In the next week or so, Bailey, one of Maine’s early garlic pioneers, and her husband Lemire, a garlic convert who often gives her a run for the blue ribbon at the Common Ground Fair, will start pulling the bulbs from the ground. Much of the Seven Tree Farm garlic will be sold through Fedco or from the farm directly to other growers as seed garlic, fueling the next season’s worth of what’s becoming a bumper Maine specialty crop. According to the University of Maine Cooperative Extension, about 100 farmers around the state grow garlic. “And that number is increasing,” said the extension’s Dave Fuller, who works with agricultural and non-timber forest products.

This vegetable, which is within the onion genus, was virtually unheard of as a cultivated crop in Maine 30 years ago, back in the days when what garlic meant to Mainers was a box as long as a finger, containing two dry bulbs, wrapped in cellophane. Fuller speculates that maybe some ethnic communities around Waterville were growing it in the 1970s, or back-to-the-landers. (Eliot Coleman says he was, as early as the late ’60s, but he grew spring-planted garlic).

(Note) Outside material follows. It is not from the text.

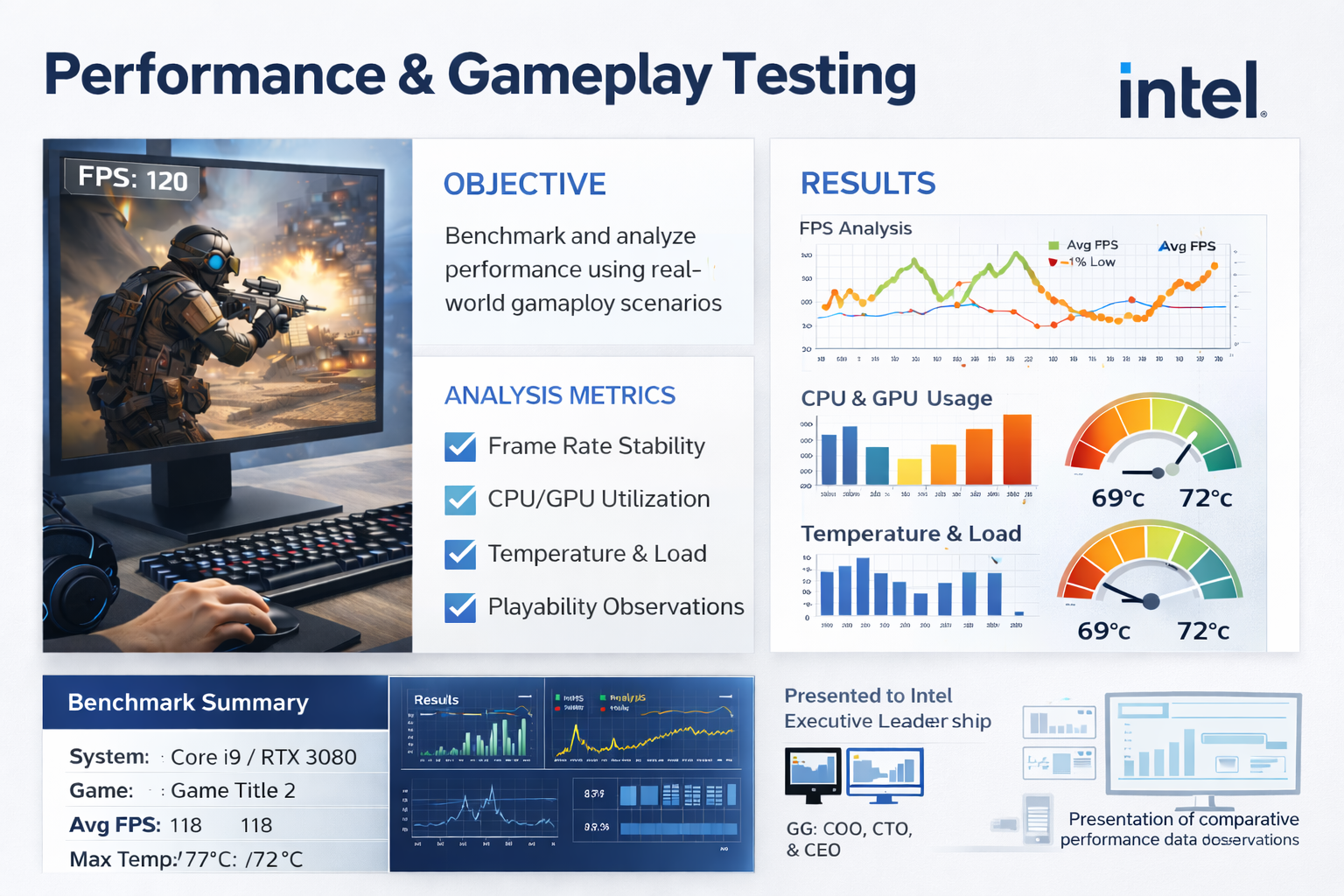 I ran structured gameplay and performance benchmarks across multiple Intel PC hardware configurations, following internal testing protocols and pushing each system in real-world scenarios. Using popular AAA titles, I evaluated frame rate stability, load times, thermal behavior, and overall playability across different builds.

But, Fuller said, “I grew up in Maine in a family of gardeners. And I can tell you that no one that I knew of grew garlic whatsoever.”

It was about three decades ago that Bailey came across some Red Russian seed garlic at the Belfast Coop. She brought it home, planted it and was so won over by her first crop that she wrote an article for the MOFGA newsletter posing the question, why aren’t more people in Maine growing garlic?

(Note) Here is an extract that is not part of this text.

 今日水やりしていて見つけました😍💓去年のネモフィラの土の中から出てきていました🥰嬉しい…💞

For starters, far fewer people were eating it. Until the mid-20th century, garlic had a reputation as an “ethnic” food. More Americans began adding it to their cooking in the 1930s and ’40s, but it wasn’t until the 1990s that demand for garlic really took off, tripling to a little more than 3 pounds consumed annually per American. The USDA Economic Research Service credits consumer interest in the medicinal benefits and an increased interest in ethnic foods in general for the garlic explosion. (In a 2000 report, the service suggested that interest was fueled throughout the 20th century in part by soldiers and world travelers who tasted garlic in dishes in other countries and brought their enthusiasm for it back with them). By the mid-1990s, 18 percent of Americans were eating at least one food a day that contained garlic.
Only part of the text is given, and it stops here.